1, Queen Victoria Street, Mansion House, E.C.

Received for Bible-women and Nurses with thanks :-Clothing, old and new, boots and shoes, &c., from Mrs. Glasfurd, Mrs. Hannyngton, Captain B., Miss Phillips' Working Party, Mrs. Crichton Stuart, Mrs. Horasby, T. M., Mrs. R. O. White, Anony mous, Acre Lane, Anonymous, A Friend and Trevint Industrial Home; flowers and text cards from Miss Colchester, Mrs. George Brightwen, Miss J. P. Nisbet, and Miss Morris; books from Mrs. Sandberg; and hospital letters from Mrs. Gurney Pease and Mrs. Wright.

Contributions to the LONDON BIBLE AND DOMESTIC FEMALE MISSION can be received by Mrs. Selfe Leonard (niece of the late Mrs. Ranyard), 2, Adelphi Terrace, Strand, London, W.C.; by Lord Kinnaird, addressed to the Bank of Messrs. Ransom and Co., No. 1, Pall Mall East; also by Messrs. Barclay, Bevan, and Co., 54, Lombard Street; and by Messrs.
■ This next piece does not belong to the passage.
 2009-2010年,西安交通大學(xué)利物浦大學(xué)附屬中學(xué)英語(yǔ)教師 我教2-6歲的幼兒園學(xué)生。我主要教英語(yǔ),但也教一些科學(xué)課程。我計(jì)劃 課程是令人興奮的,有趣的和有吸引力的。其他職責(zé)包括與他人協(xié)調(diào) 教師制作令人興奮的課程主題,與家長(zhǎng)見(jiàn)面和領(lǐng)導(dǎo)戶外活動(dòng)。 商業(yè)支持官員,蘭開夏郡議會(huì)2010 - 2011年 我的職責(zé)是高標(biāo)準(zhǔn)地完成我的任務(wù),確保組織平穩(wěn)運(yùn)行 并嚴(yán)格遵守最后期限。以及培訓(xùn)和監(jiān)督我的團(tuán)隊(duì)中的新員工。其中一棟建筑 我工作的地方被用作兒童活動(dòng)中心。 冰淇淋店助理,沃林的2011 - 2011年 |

Nisbet and Co., Berners Street. Money Orders should be made payable at the Post-office, Charing Cross, W.C., in the name of E. Selfe Leonard, and cheques crossed Ransom and Co. Should any sums be unacknowledged in the above list, friends are requested to write at once to Mrs. Leonard.

OUR SEASIDE HOME.

SOME of our readers may remember that in the November number of the "MISSING LINK MAGAZINE " for 1882, we gave an account of the way in which we spent one hundred pounds that had been entrusted to us for the specific purpose of giving change of air to the convalescent poor. And now it is our pleasant task to relate how this kind gift has been renewed, and further sums added, and how other hearts have been touched, too, by the story of the wonderful boon that change of air proved to the sixty poor people who enjoyed this benefit last

year.

Early in April we again secured a house at Southend. The Railway Company furthered our efforts by allowing considerable reduction on the return tickets.
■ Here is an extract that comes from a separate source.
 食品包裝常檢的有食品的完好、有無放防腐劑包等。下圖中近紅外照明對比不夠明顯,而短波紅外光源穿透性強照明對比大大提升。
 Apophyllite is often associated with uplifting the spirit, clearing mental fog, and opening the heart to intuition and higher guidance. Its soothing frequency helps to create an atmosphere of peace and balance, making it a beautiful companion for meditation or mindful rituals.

We again placed one of our valued pioneers in charge, and on April 17th, our first guests arrived.

We need scarcely say that it was an easy matter to issue our invitations; our only difficulty arising from the many applications that flocked in from Bible-women and Nurses, each recommending some poor woman who sorely needed change. "It is her only chance of recovery." "The doctor says that rest and change, with good food, will do more than any medicine." Such was the urgent wording of many notes, coupled too frequently with sad histories of overwork and illness.

Let us follow some of these weary ones to the Seaside Home, and learn from our Matron the order of the day, and hear also a few details of the lives of some of those who have enjoyed this unexpected rest.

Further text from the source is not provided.